Task objective: The required answer is the run of lines from the one holding "一款专为抽烟人士设计的烟盒,由紫檀镶嵌百" to the end of the data below, copied exactly and free of pictures.

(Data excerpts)
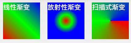 首先有三种渐变类型,分别是:linear(线性渐变)、radial(放射性渐变)、sweep(扫描式渐变)
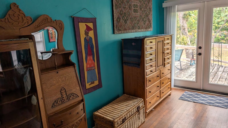 Spacious bedroom in fully furnished home in Rosedale/Highland Park neighborhood - quiet, walkable with close access to bus line. Shared areas: bathroom, LR, dining area, kitchen; yard, deck and grill. Work space also available. Utilities covered by rent include high-speed internet, Type 2 electric car charger. 1 to 6 month lease. Son of owner lives in the second bedroom and manages the property. Friendly Labrador lives on the premises
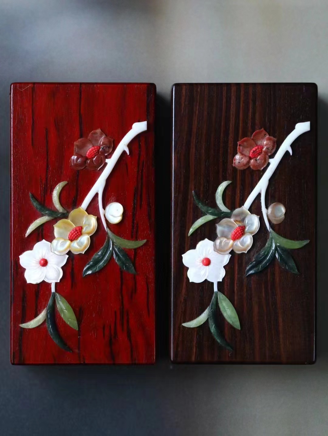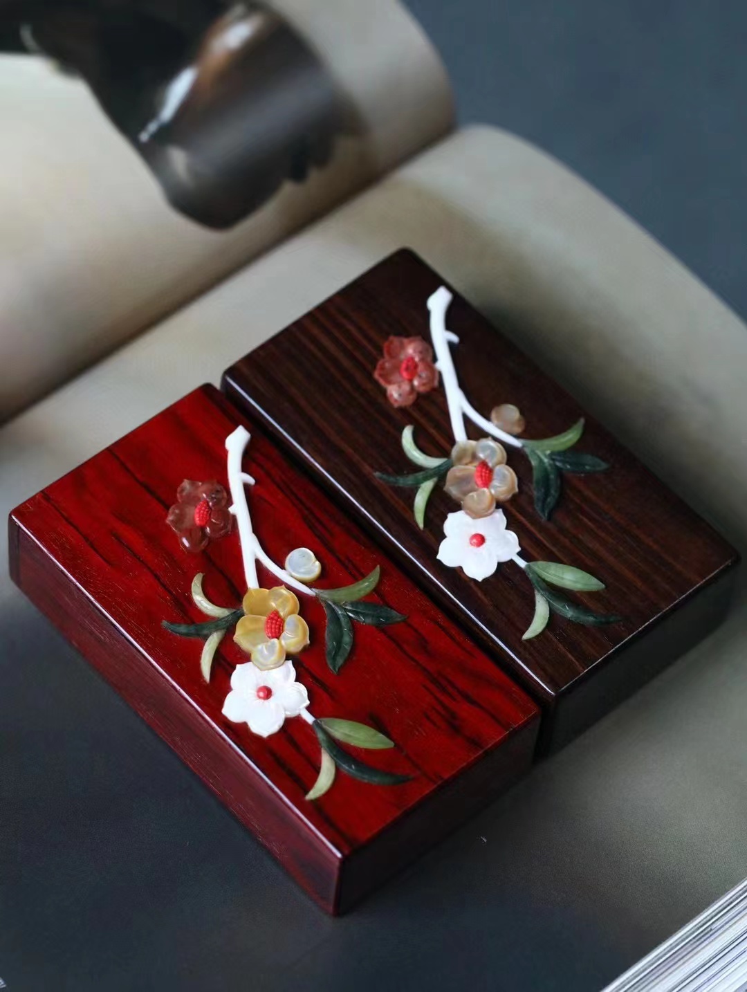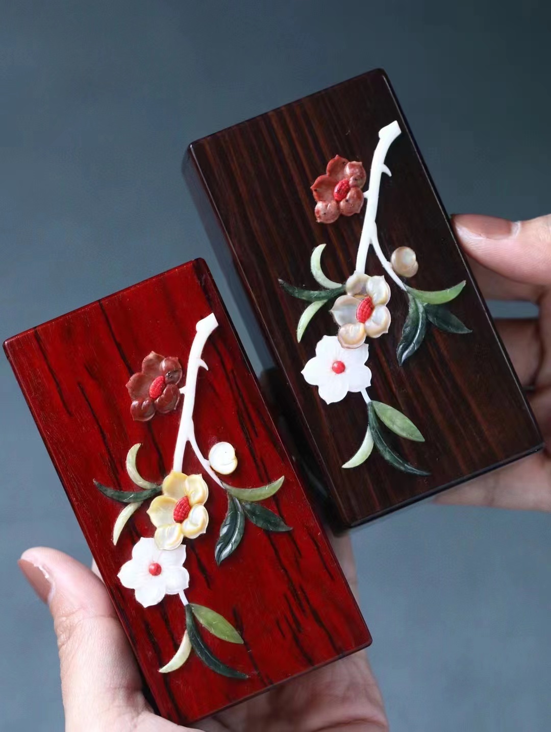 一款专为抽烟人士设计的烟盒,由紫檀镶嵌百宝嵌,拿在手中可盘玩,置于案上有面子,一款文雅的烟盒!
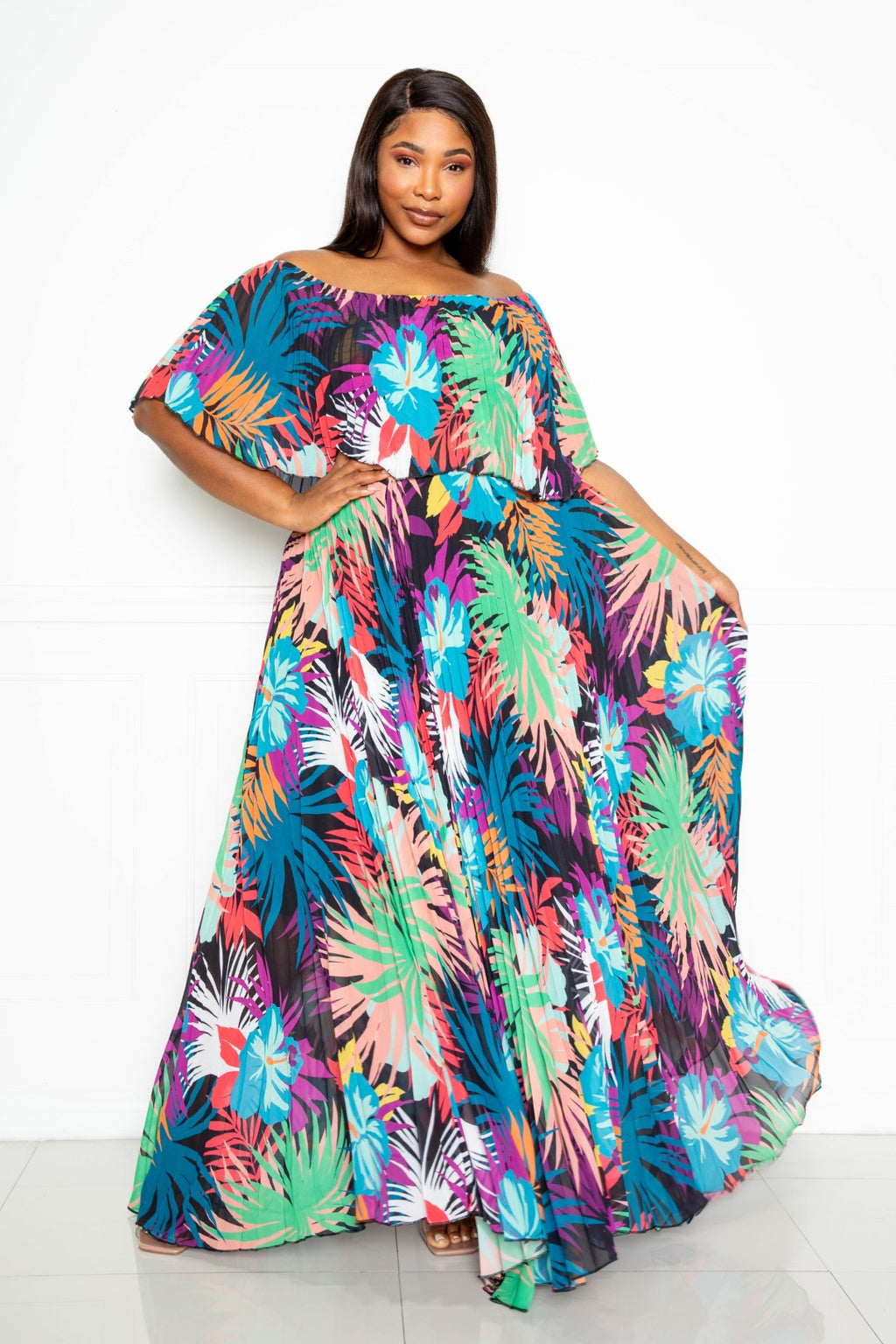 TROPICAL PRINTED OFF SHOULDER PLEATED MAXI DRESS
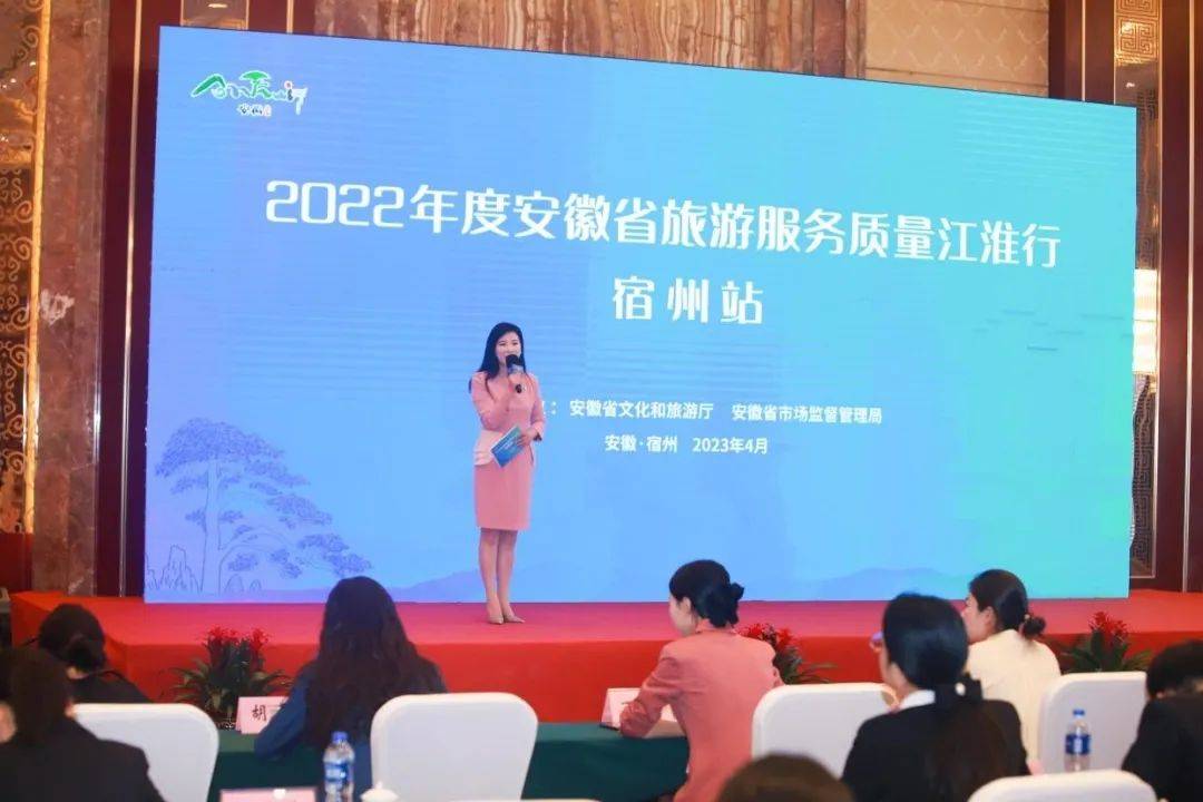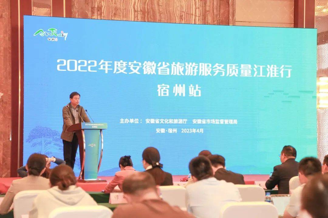 4月17日,由安徽省文化和旅游厅、省市场监督管理局联合主办的2022年度安徽省旅游服务质量江淮行宿州站活动在宿州国际大酒店举行。安徽省文化和旅游厅、宿州市文化和旅游局、宿州市市场监督管理局相关处室(科室)负责人,2022年度标杆单位质量宣讲员、质量故事演讲大赛获奖选手代表、安徽文旅质量体验官、宿州市文旅企事业代表以及部分媒体代表参加活动。
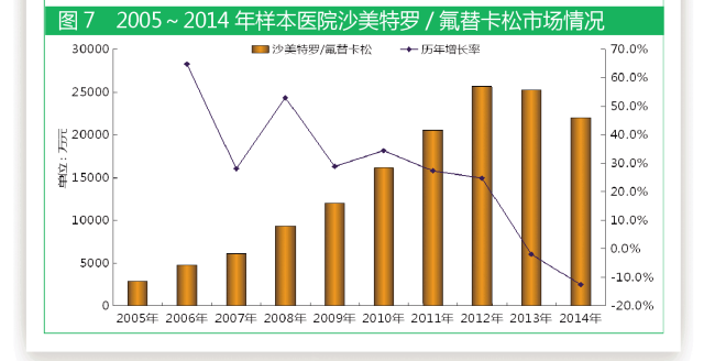 據國內22個城市樣本醫(yī)院數據,2005~2012年,復方沙美特羅/氟替卡松一直保持較快增長態(tài)勢,但進入2013年以來,該產品趨于下降趨勢,并連續(xù)兩年出現(xiàn)負增長。2014年,該產品在呼吸系統(tǒng)用藥領域銷售額排名第五位,年復合增長率25.3%。2005年,樣本醫(yī)院沙美特羅/氟替卡松用藥金額為2886萬元,2014年用藥金額達2.2億元,9年整體市場增長7.6倍,市場下降明顯。
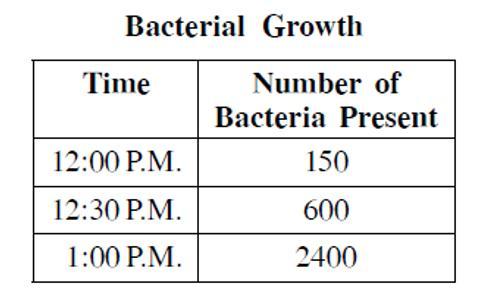 nutes beginning at 12 PM. The table shows Judy's data. If the patten of bacterial growth remains constant, how many bacteria should be present in the culture dish at 2:00 PM?

Answer to this task:
 一款专为抽烟人士设计的烟盒,由紫檀镶嵌百宝嵌,拿在手中可盘玩,置于案上有面子,一款文雅的烟盒!
 TROPICAL PRINTED OFF SHOULDER PLEATED MAXI DRESS
 4月17日,由安徽省文化和旅游厅、省市场监督管理局联合主办的2022年度安徽省旅游服务质量江淮行宿州站活动在宿州国际大酒店举行。安徽省文化和旅游厅、宿州市文化和旅游局、宿州市市场监督管理局相关处室(科室)负责人,2022年度标杆单位质量宣讲员、质量故事演讲大赛获奖选手代表、安徽文旅质量体验官、宿州市文旅企事业代表以及部分媒体代表参加活动。
 據國內22個城市樣本醫(yī)院數據,2005~2012年,復方沙美特羅/氟替卡松一直保持較快增長態(tài)勢,但進入2013年以來,該產品趨于下降趨勢,并連續(xù)兩年出現(xiàn)負增長。2014年,該產品在呼吸系統(tǒng)用藥領域銷售額排名第五位,年復合增長率25.3%。2005年,樣本醫(yī)院沙美特羅/氟替卡松用藥金額為2886萬元,2014年用藥金額達2.2億元,9年整體市場增長7.6倍,市場下降明顯。
 nutes beginning at 12 PM. The table shows Judy's data. If the patten of bacterial growth remains constant, how many bacteria should be present in the culture dish at 2:00 PM?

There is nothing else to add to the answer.